Distribution, the metric commonly used for tracking product availability, is usually measured in numeric and weighted terms. It may be weighted in either volume or value.
Numeric Distribution is the percentage of stores handling product.
Weighted Distribution is the percentage of stores handling product weighted by product category store sales. If the weight is in value terms, which usually is the norm, then weighted distribution is the same as the value share of category sales by handlers.
In the context that a product handler may run out of stocks, what is required is the clear distinction between in-stock distribution, out-of-stock (OOS) distribution and loss of distribution.
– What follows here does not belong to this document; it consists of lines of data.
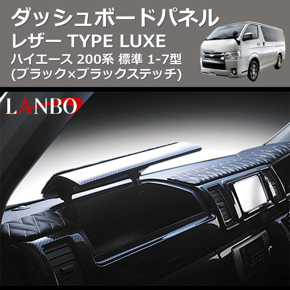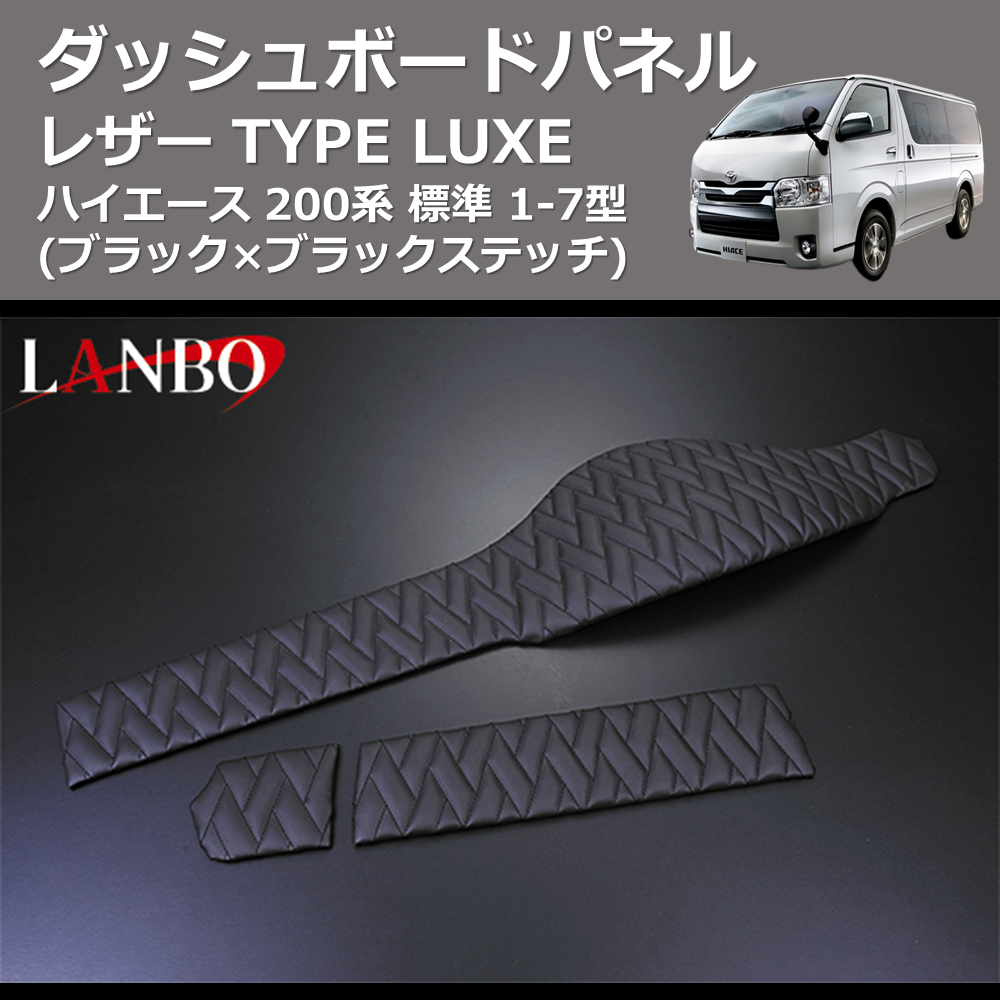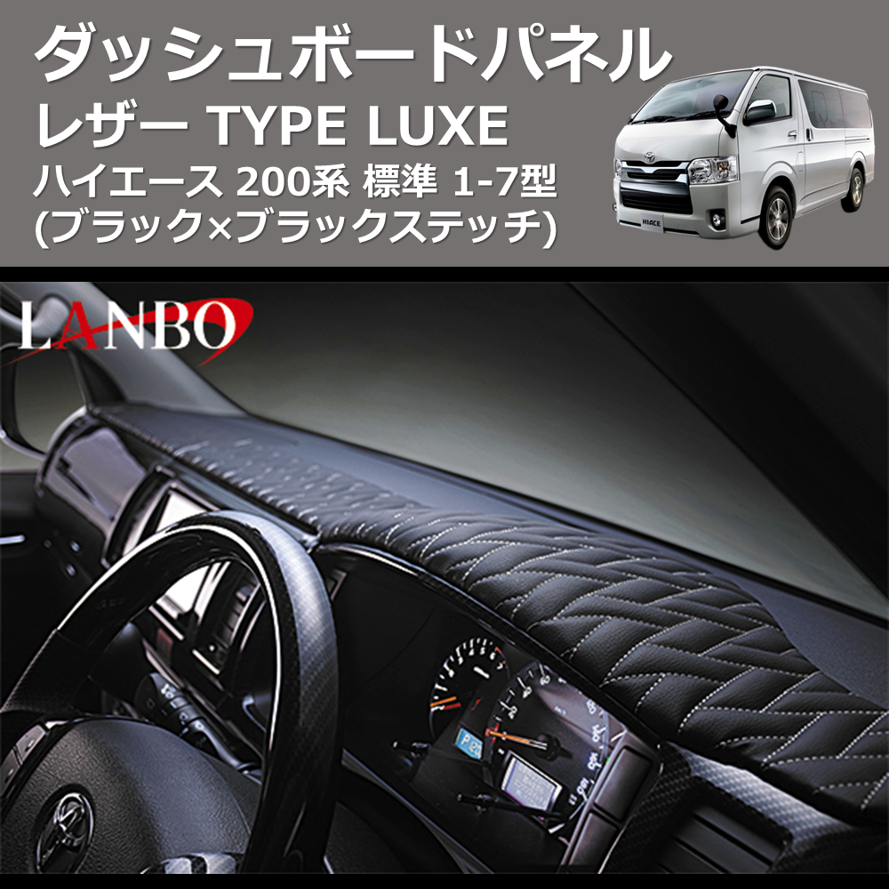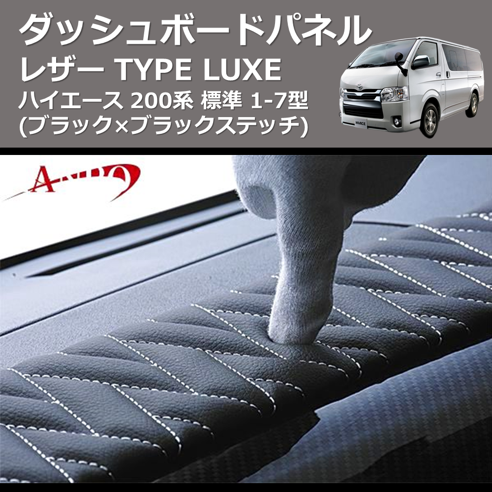 (ブラック×ブラックステッチ) レザーダッシュボードパネルTYPE LUXE ハイエース 200系 標準 1-7型
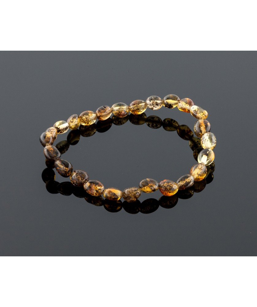 Adult amber bracelet is made of dark translucent black spotted olive amber beads. Black spotted colors perfectly combine with each other. This bracelet is made on the stretch. The length of the bracelet is ~ 19 cm. The weight of the bracelet is ~ 3,1 gr.
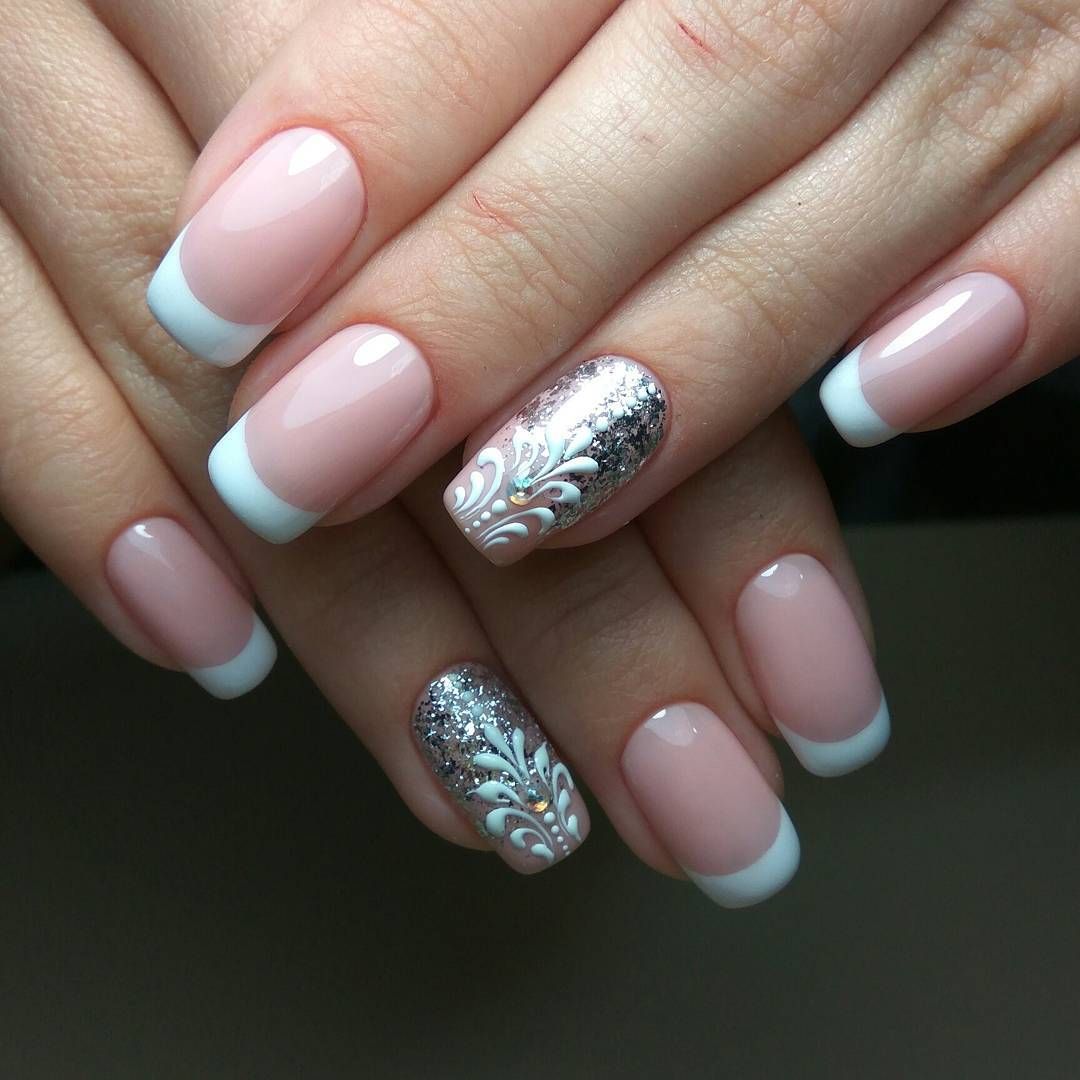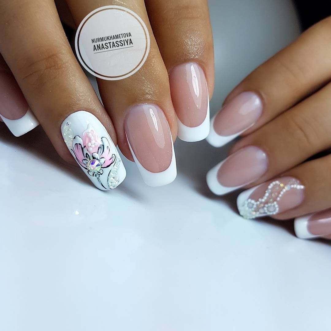 Френч невесты, выполненный в пастельных тонах, а также со стразами или цветочным декором, выглядит нежно и романтично. Если добавить немного страз на безымянный палец, то они подчеркнут красоту обручального кольца.

Consider Exhibit 28.13, which depicts a brand’s incidence of purchase and stocks over four time periods. The brand was in-stock in January and February, and it was out-of-stock (OOS) in March. The brand lost distribution in April because there are no sales, no purchases and no stocks — it did not exist in the store at any time during the month.
Now suppose there was some closing stock in March, and as before, no purchases in April and no stocks by end of April. In this case (Exhibit 28.13b), the status in March changes from OOS distribution to in-stock distribution.
Is this store still considered a non-distributor in April?
No, because the stocks at the end of March are opening stocks for April. These stocks would have sold during the month. So, in this scenario, the store is a handler that is experiencing stockouts for the product.